The Limits of Willpower and the Case for Intervention
If the problem is evolutionary, Hanania asks, can it be solved by willpower or moral suasion? He is skeptical. "It was difficult if not impossible to get fat throughout most of our evolutionary history. Yet people who overeat today end up with health problems," he writes. Just as banning junk food failed to stop the obesity epidemic, he argues that cultural campaigns against phones or for more socializing will likely fail against the tide of human nature. "The only thing that seems to work on a wide scale for people susceptible to being overweight is fiddling with our biology," he notes, pointing to the rise of GLP-1 drugs.
This leads to his most controversial suggestion: perhaps we need a pharmaceutical solution for sociability. "Perhaps we need something similar in this area?" he asks. He even speculates that an uptick in the use of party drugs might be a sign that young people are trying to overcome their natural aversion to social friction. "At some point, societies need to get serious about collapsing fertility," Hanania asserts. "The reason we couldn't stop obesity from increasing before GLP-1 drugs was that the evolutionary impulses towards sloth and overeating are too strong." He suggests that governments could accelerate this by ensuring that any drug improving sociability is covered by national health insurance.
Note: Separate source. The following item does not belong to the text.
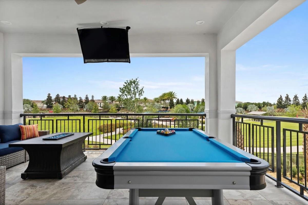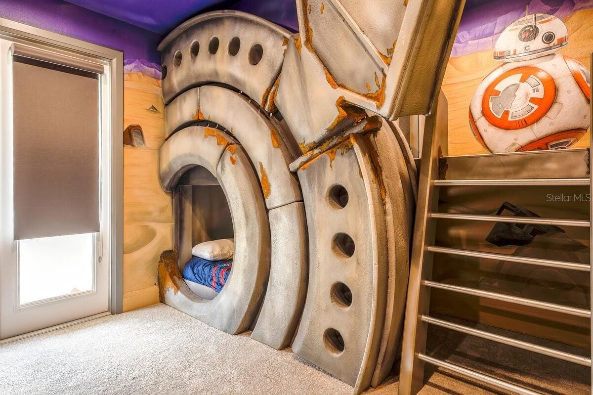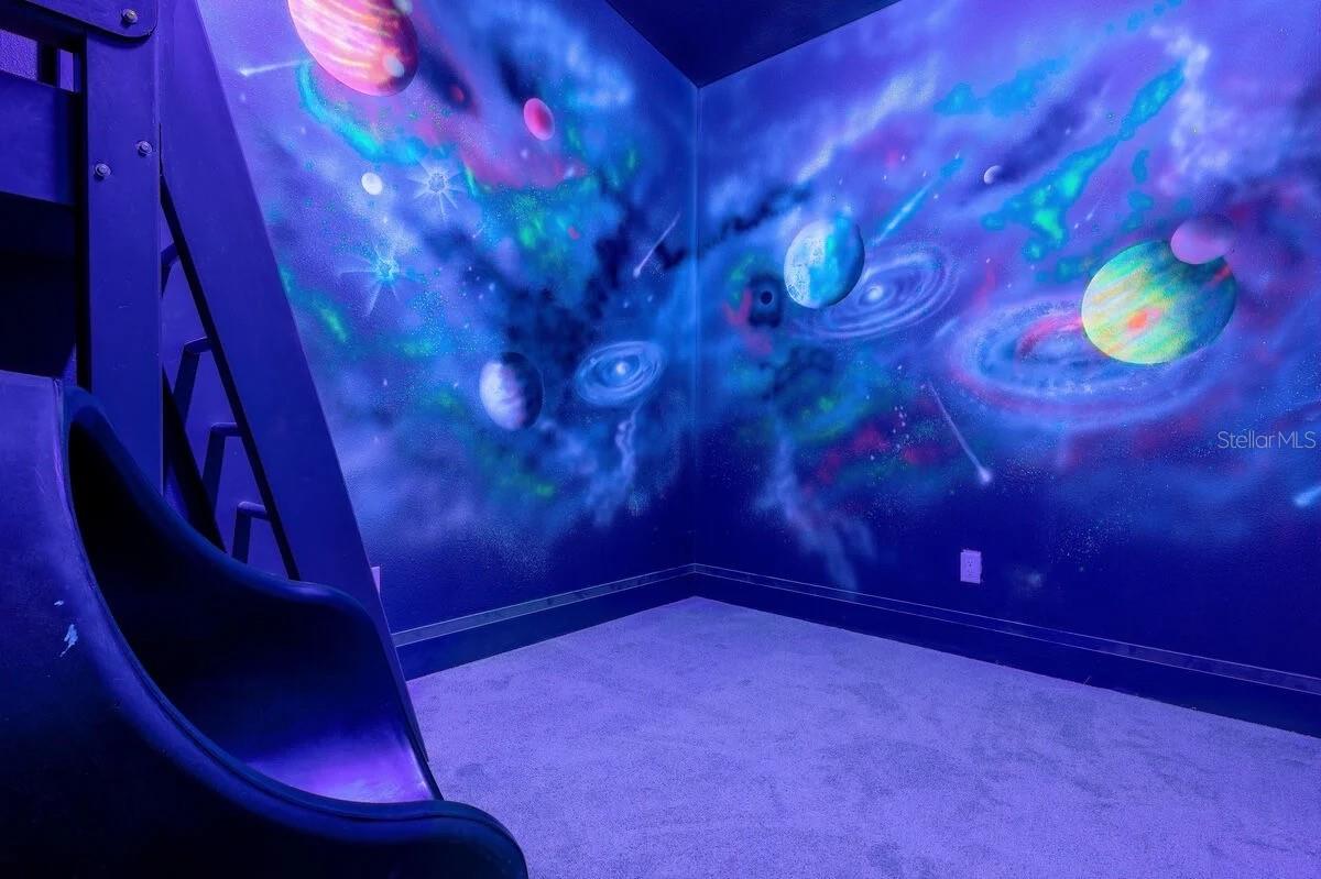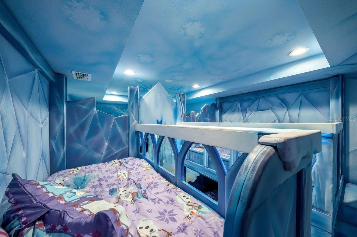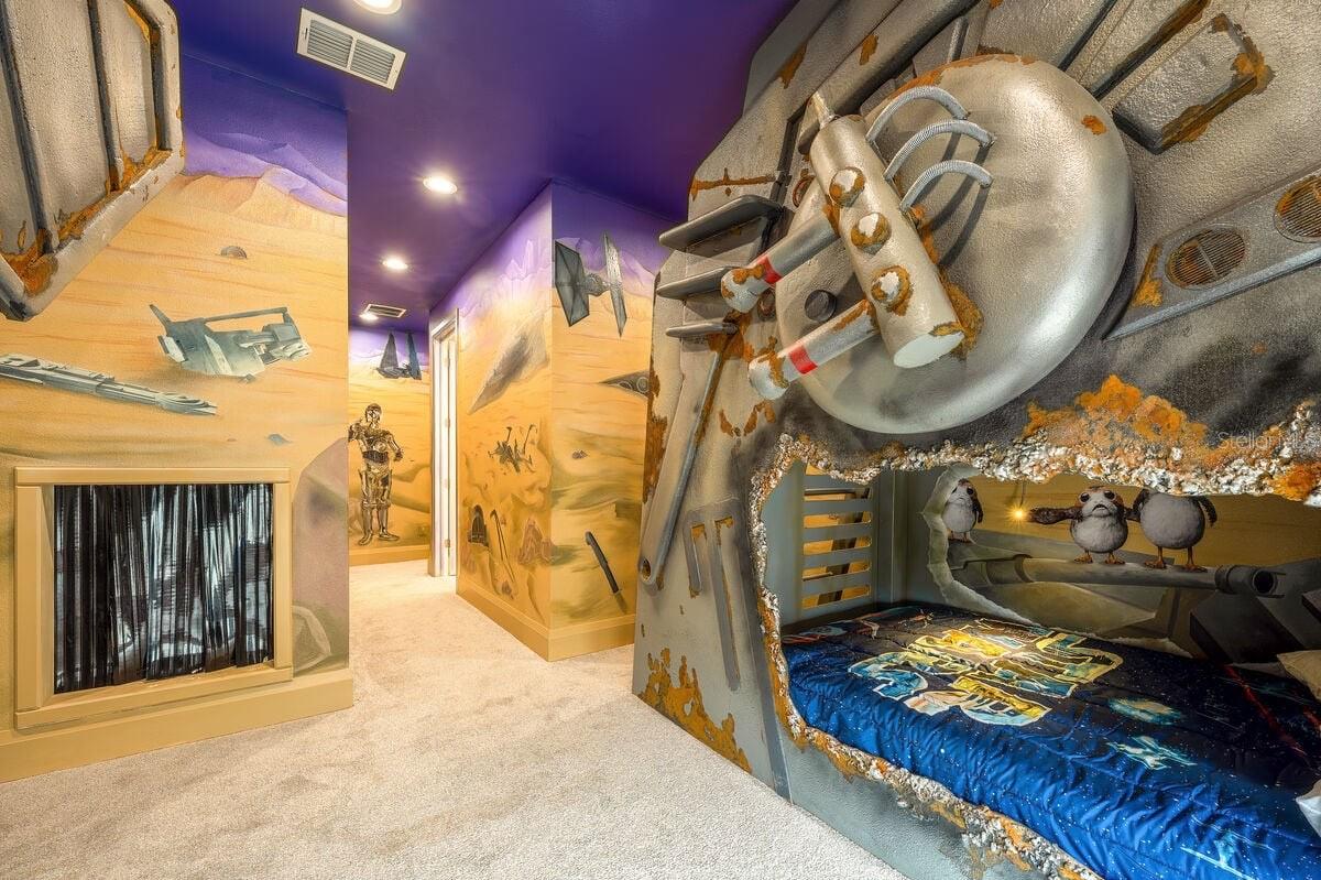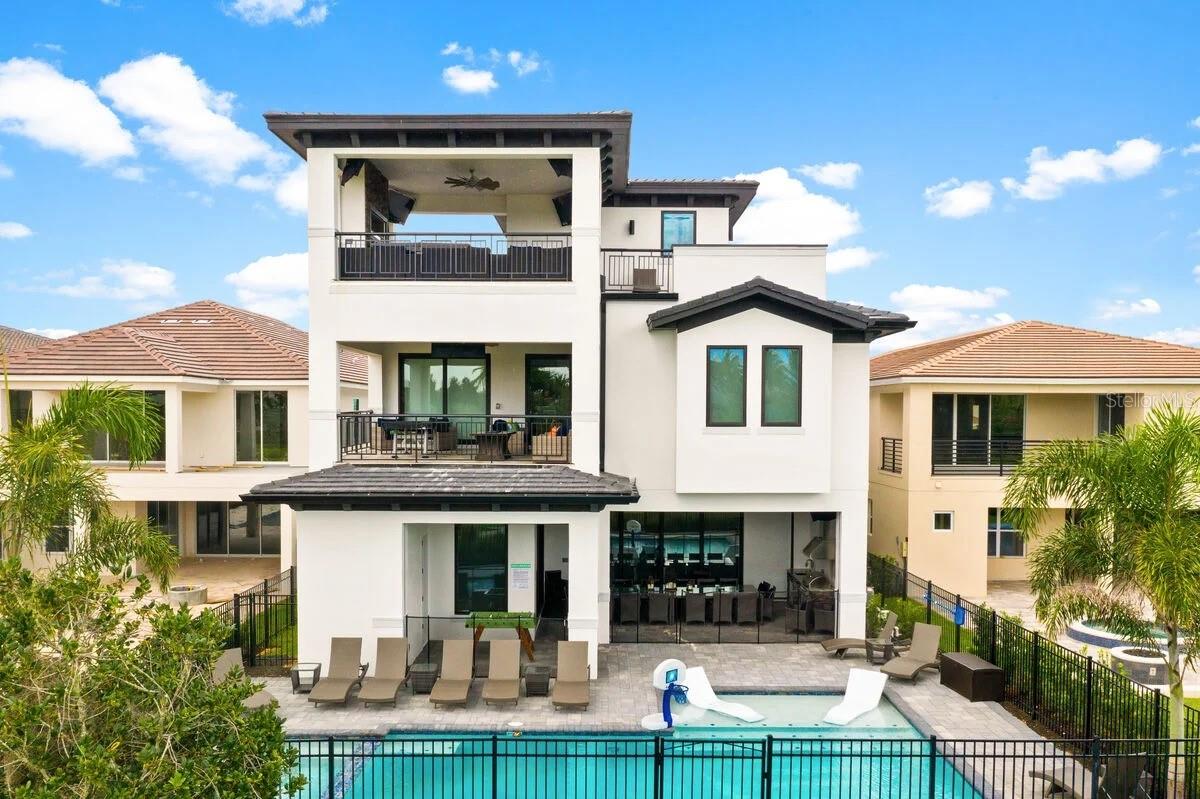 This Triple Deck delight is one of the very few true CUSTOM BUILT homes to grace one of Reunion's most sought after addresses- The Bear's Den. Enjoy one of the best outlooks in Reunion from the third-floor deck which can even provide a view to the DISNEY FIREWORKS! Each level of this home was built to ENTERTAIN. Its lofty privacy includes a hot tub, TV screens, and plenty of seating. Another highlight of this home is its game room on the 3rd-floor landing with Playstation 4, Xbox, Fast and Furious Superbikes Race, San Francisco Rush 2049 cat racing machines, and shuffleboard. The home theater has plenty of cushioned seating before a large projector screen. The first two floors contain 8 BEDROOMS that sleep up to 24 people! With an open planned floor plan, the living area is bright and spacious with a large wrap-around sofa before a large wall-mounted TV. The stunning kitchen with stainless steel appliances and granite countertops includes an over-sized double-sink kitchen island. The island counter wraps around a built-in seating area with cushioned benches around a kitchen table. Around the corner you'll find a fine dining table that seats 18 - you're entire party! This home includes two amazing THEMED BEDROOMS kids will love. Each room has two bunk beds (sleep 4) custom made to fit each theme. Whether kids love to zoom through faraway galaxies or live the life of a princess, they will be fully immersed. One upper bunk bed has a secret passage through a slide that takes kids to a secret playroom filled with soft foam blocks. Adults need not worry - alternative access is available! For playtime outdoors, there's a playground only a stonecast away, just behind the home. All of the other bedrooms are King-size with one exception: a room for two with separate Queen-sized beds. All of the rooms have their own TVs and there is an additional gathering room with a large comfy wrap-around sofa before a wall-mounted big-screen TV. The private pool has a spillover spa and the pool deck has plenty of sun loungers. A kids' safety fence is available. The lanai includes a summer kitchen with a BBQ grill. The patio dining table seat 16, and there are a few additional chairs scattered about. This home offers everyone in your family or group the comfort and entertainment that makes a stay in the Orlando area something to boast about. Reserve this beautiful property by booking it as early as possible and it can be part of your next vacation!

This is where the argument faces its steepest climb. While the analogy to obesity is structurally sound, the leap to pharmacological social engineering is a massive ethical and practical hurdle. Critics might argue that this path ignores the root causes of alienation, such as economic precarity or the erosion of third places, in favor of a technological fix. Yet, Hanania's point is that the challenge is so immense that we must be willing to consider options that currently seem radical. "Giving up is unacceptable. But we need to realize the enormity of the challenge," he writes.
Perhaps we need a pharmaceutical solution for sociability, just as we developed drugs to counteract our evolutionary drive to overeat.
Bottom Line
Hanania's most significant contribution is reframing the fertility crisis not as a policy failure but as a biological mismatch, effectively arguing that we are fighting our own evolutionary history. The strongest part of his case is the analogy to obesity, which successfully explains why cultural blame games and minor policy tweaks have failed to reverse the trend. However, the argument's biggest vulnerability lies in its reliance on pharmaceutical intervention as a primary solution, a leap that may overlook the complex social and economic reforms needed to rebuild community. Readers should watch for how this evolutionary lens influences future policy debates, particularly as the search for biological fixes for social problems accelerates.